(Source material)
-- -- --

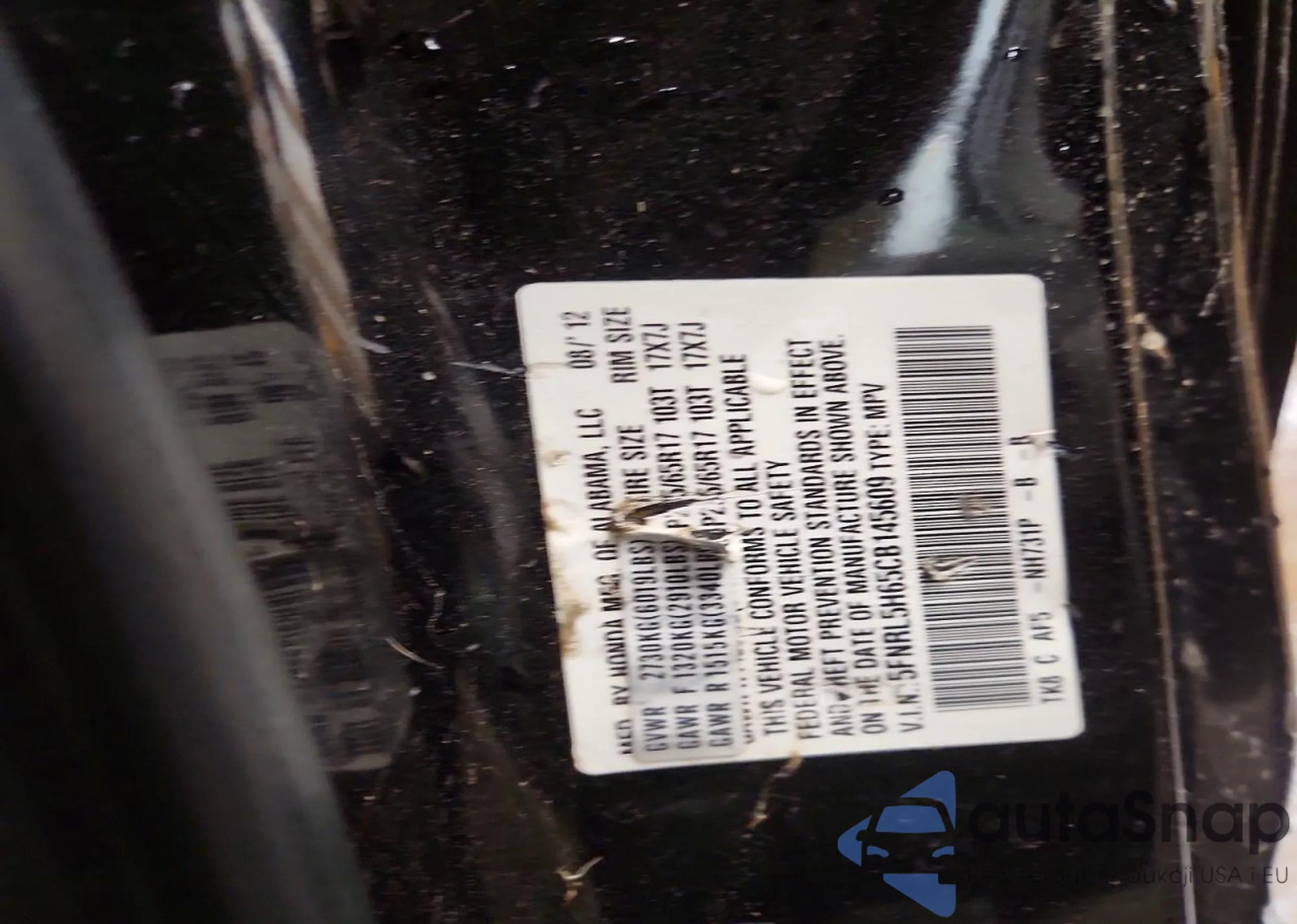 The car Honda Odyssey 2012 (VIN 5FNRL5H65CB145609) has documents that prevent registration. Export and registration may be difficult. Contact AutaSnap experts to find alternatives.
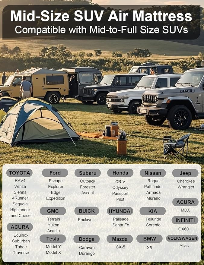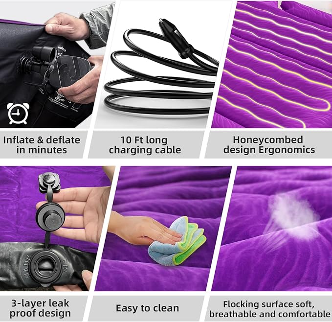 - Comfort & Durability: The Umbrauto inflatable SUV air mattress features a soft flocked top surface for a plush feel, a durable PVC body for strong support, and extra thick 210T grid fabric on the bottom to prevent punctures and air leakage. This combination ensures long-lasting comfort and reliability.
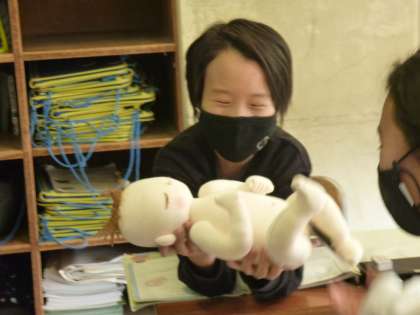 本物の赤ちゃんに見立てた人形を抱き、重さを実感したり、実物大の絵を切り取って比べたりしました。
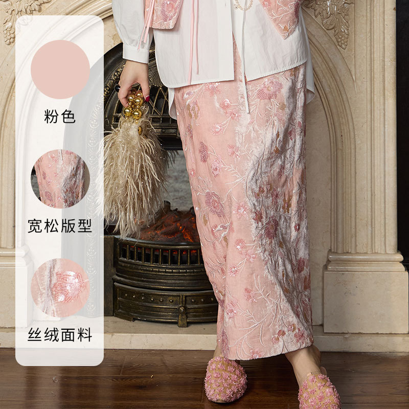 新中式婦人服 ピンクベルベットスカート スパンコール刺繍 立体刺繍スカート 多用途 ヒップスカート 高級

-- -- --

(Aim of the exercise)
Pictures aside, retype the material exactly.

(Completed task)
 The car Honda Odyssey 2012 (VIN 5FNRL5H65CB145609) has documents that prevent registration. Export and registration may be difficult. Contact AutaSnap experts to find alternatives.
 - Comfort & Durability: The Umbrauto inflatable SUV air mattress features a soft flocked top surface for a plush feel, a durable PVC body for strong support, and extra thick 210T grid fabric on the bottom to prevent punctures and air leakage. This combination ensures long-lasting comfort and reliability.
 本物の赤ちゃんに見立てた人形を抱き、重さを実感したり、実物大の絵を切り取って比べたりしました。
 新中式婦人服 ピンクベルベットスカート スパンコール刺繍 立体刺繍スカート 多用途 ヒップスカート 高級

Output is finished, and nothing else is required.